The Porter’s five-force model can be generalized in the following graph.

THE TECHNOLOGY

The history of mobile phone technology goes back to 1947 when researchers looked at crude mobile (car) phones and realized that by using small cells (range of service area) with frequency reuse they could increase the traffic capacity of mobile phones substantially. The mobile phone technology has experienced two major wireless standards: Analogue service and Digital service .
Analog Service: A method of modulating radio signals so that they can carry information such as voice or data. Analog cellular phones work like a FM radio. The receiver and transmitter are tuned to the same frequency, and the voice transmitted is varied within a small band to create a pattern that the receiver reconstructs, amplifies and sends to a speaker. The drawback of analog is the limitation on the number of channels that can be used.
Digital Service: A method of encoding information using a binary code of 0s and 1s. Most newer wireless phones and networks use digital technology. In digital, the analog voice signal is converted into binary code and transmitted as a series of on and off transmissions. There are three digital wireless technologies: CDMA, TDMA and GSM.
CDMA (Code Division Multiple Access) is based on a form of spread spectrum technology that separates voice signals by assigning them digital codes within the same broad spectrum. CDMA was developed in the late 1980s and was accepted as a standard in 1993 and went into operation by 1996. CDMA also exists at both the 800 MHz and 1900 MHz bands.
TDMA (Time Division Multiple Access) is also called Digital AMPS or D-AMPS. Released in 1994, TDMA IS-136 uses the frequency bands available to the wireless network and divides them into time slots with each phone user having access to one time slot at regular intervals. TDMA IS-136 exists in North America at both the 800 MHz and 1900 MHz bands.

GSM (Global System for Mobile Communications) is based on a improved version of TDMA technology. In 1982, the Conference of European Posts and Telecommunications (CEPT) began the process of creating a digital cellular standard that would allow users to roam from country to country in Europe. By 1987, the GSM standard was created based on a hybrid of FDMA (analog) and TDMA (digital) technologies. GSM engineers decided to use wider 200 kHz channels instead of the 30 khz channels that TDMA used, and instead of having only 3 slots like TDMA, GSM channels had 8 slots. This allowed for fast bit rates and more natural-sounding voice-compression algorithms.
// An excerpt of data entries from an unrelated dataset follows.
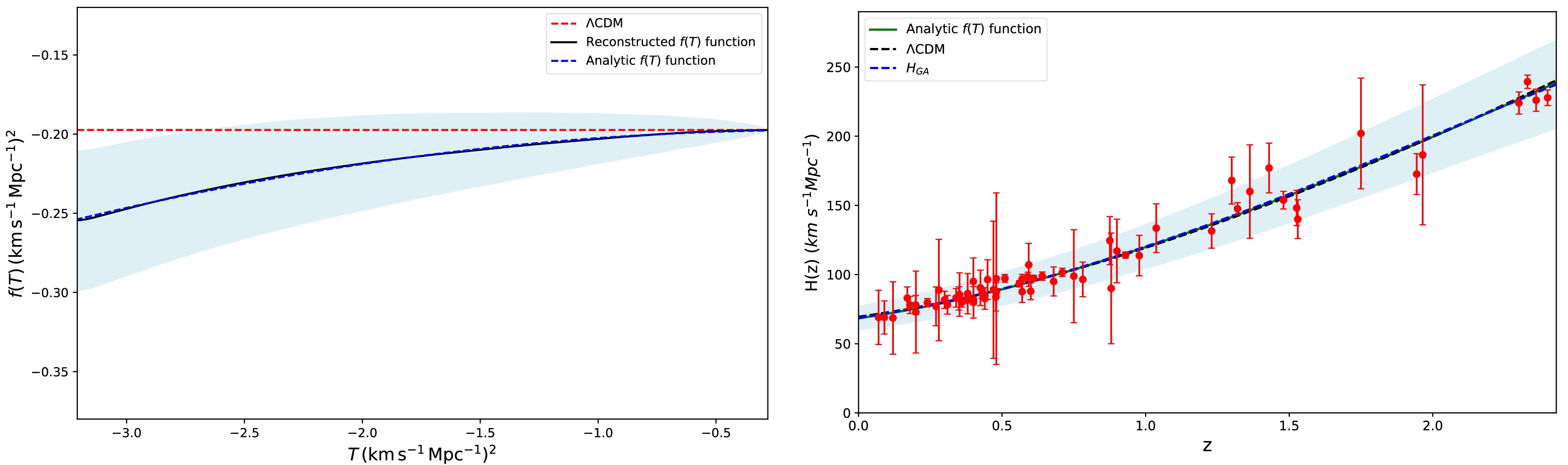 data derived from cosmic chronometers and the radial Baryon Acoustic Oscillation method, including the latest Dark Energy Spectroscopic Instrument (DESI) data, we reconstruct the Hubble rate, which is the basis parameter for reconstructing \begin{document}$f(T)$\end{document} ![]()
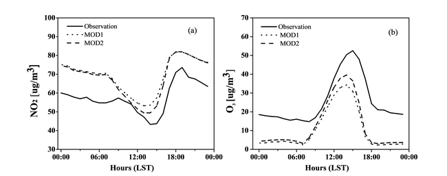 图2 江苏13个地市NO2和O3的模拟值与观测值日变化对比
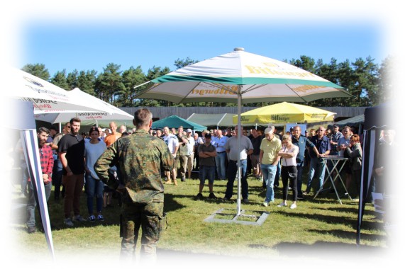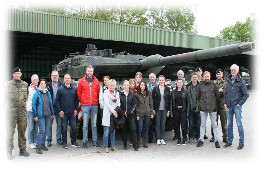 18.04. – Augustdorf/Essen. Im Rahmen der Öffentlichkeitsarbeit besuchte eine Gruppe Führungskräfte eines Essener Energieversorgungskonzerns das Bataillon. Darunter auch wieder engagieren Bürger, die schon dem Bataillon 2011 bejahend zur Seite standen.
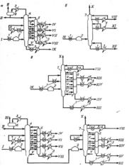 Рис. 1. Принципові схеми установок первинної перегонки нафти: AT (а), ВТ паливна (б), ВТ масляна (в), АВТ паливно-масляна (г):
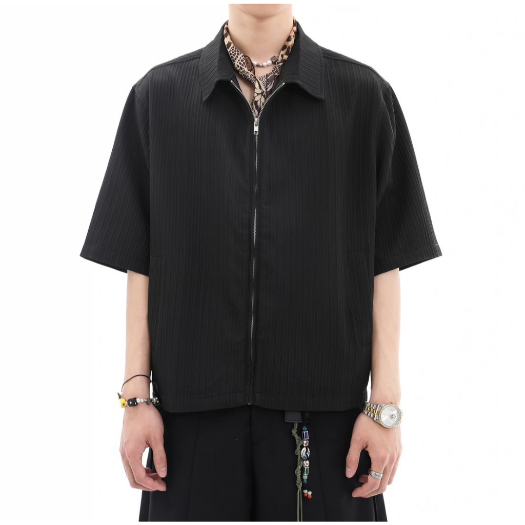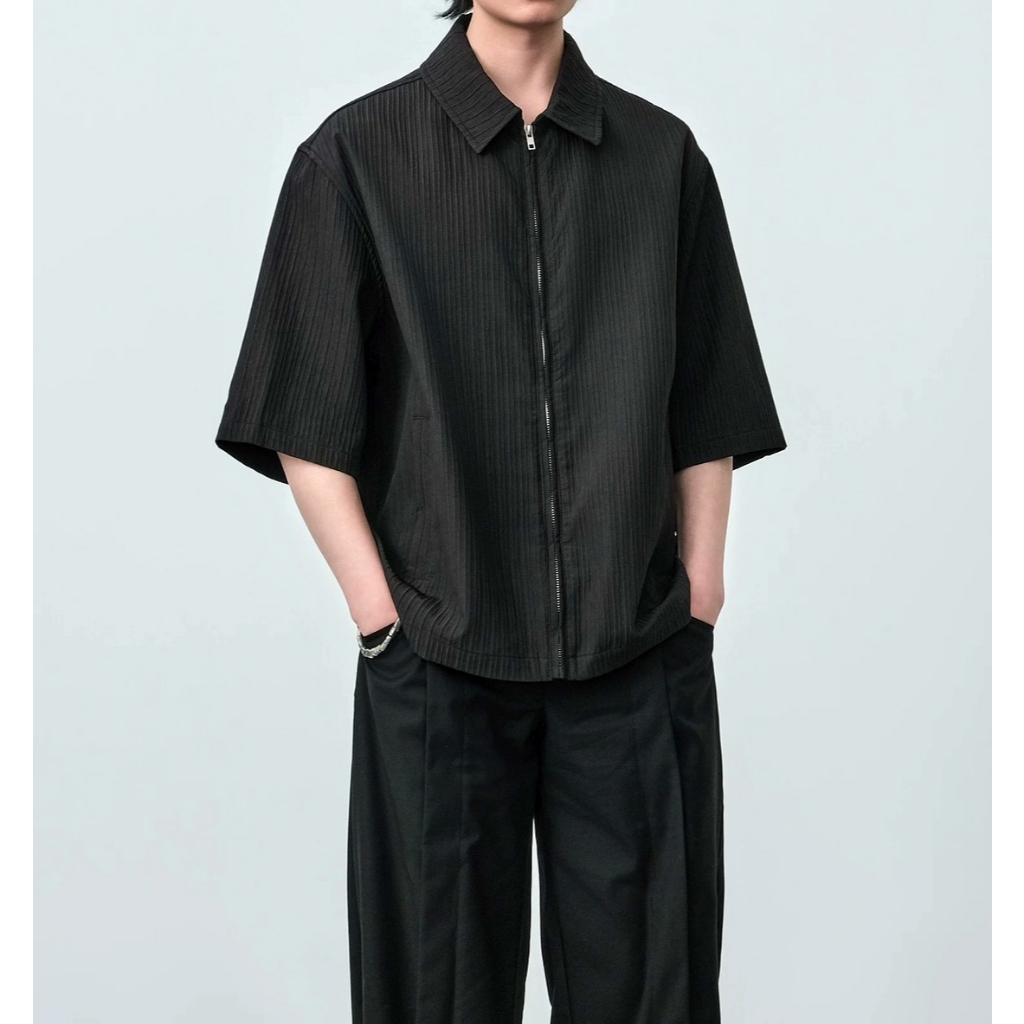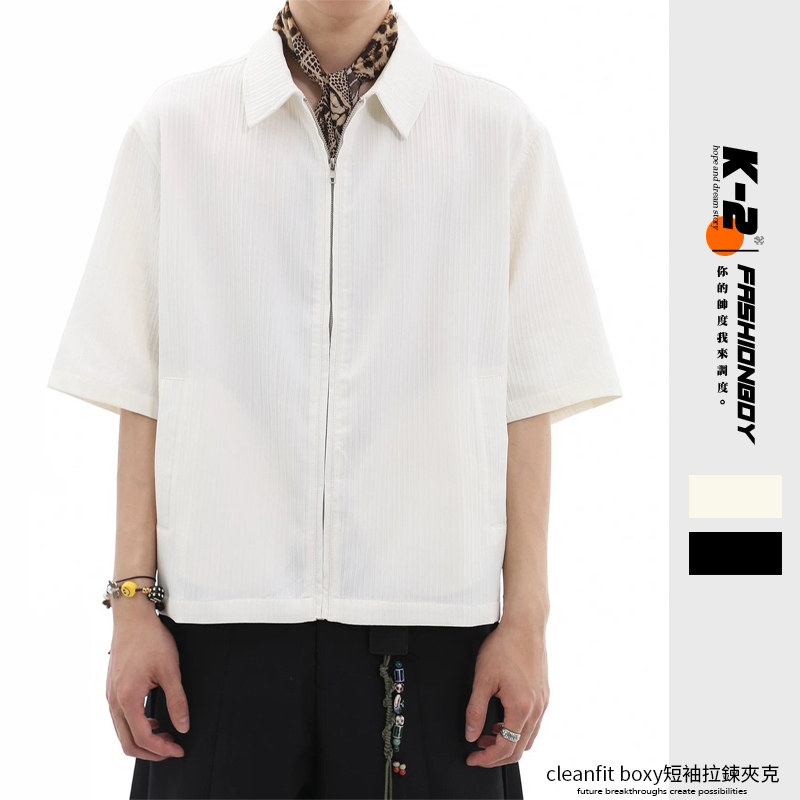 【K-2】CLEANFIT BOXY 拉鍊 素面 坑條 短袖夾克 拉鍊襯衫 穿搭 寬鬆 韓國歐巴 潮流【JHC2330】黑,M|黑,L|黑,XL|黑,XXL|白,M|白,L|白,XL|白,XXLPantsK-2 Fashionboy
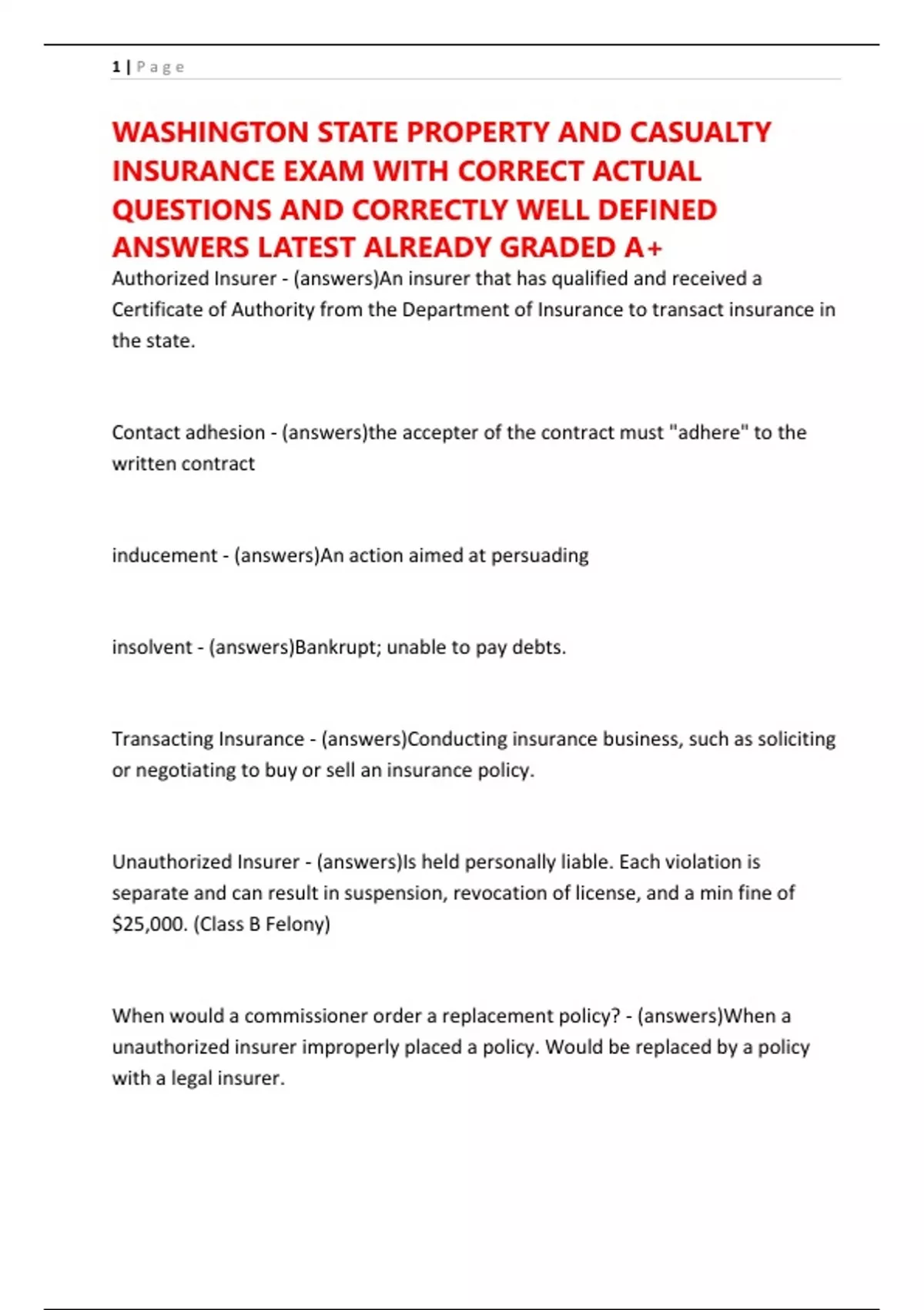 INSURANCE EXAM WITH CORRECT ACTUAL

GSM is currently the only one of the three technologies that provide data services such as email, fax, internet browsing, and intranet/LAN wireless access, and it's also the only service that permits users to place a call from either North America or Europe. The GSM standard was accepted in the United States in 1995.

With the advances of technology the mobile phones today are classified into 4 generations. The first generation (1G) was the analogue mobile phones, which operated on the technology called AMPS (Advanced Mobile Phone Service). The only function of the analogue mobile phones is voice transmission. The second generation (2G) was the digital mobile phones, which used mainly CDMA and TDMA technologies. 2G mobile phones were featured with higher voice capacity, text messaging and games. The third generation (3G) is the latest digital mobile phones, which offer cost-effective voice service, mobile data services such as video streaming news, mobile email, Internet browsing, and familiar things like ring tones and wallpapers. Speed is the essence of 3G phones which is underpinned by a technology called Wideband CDMA, which is much faster than GSM and GPRS - the 'always-on' packet-switched service often described as 2.5G. Also, WCDMA has capacities that can ensure enough bandwidth is available for data-hungry users, with lower cost per bit. But even WCDMA is about to be upgraded with the introduction of new software into existing base stations. An upgrade to High Speed Downlink Packet Access (HSDPA) will give 3G users speeds similar to fixed broadband. Between the 2G and 3G is the 2.5G phones which use GSM and GPRS technologies. With 2.5G mobile phones users can enjoy multimedia messaging, gaming, web-browsing and digital camera. The 4 generations of mobile phone technology can be generalised in the following table.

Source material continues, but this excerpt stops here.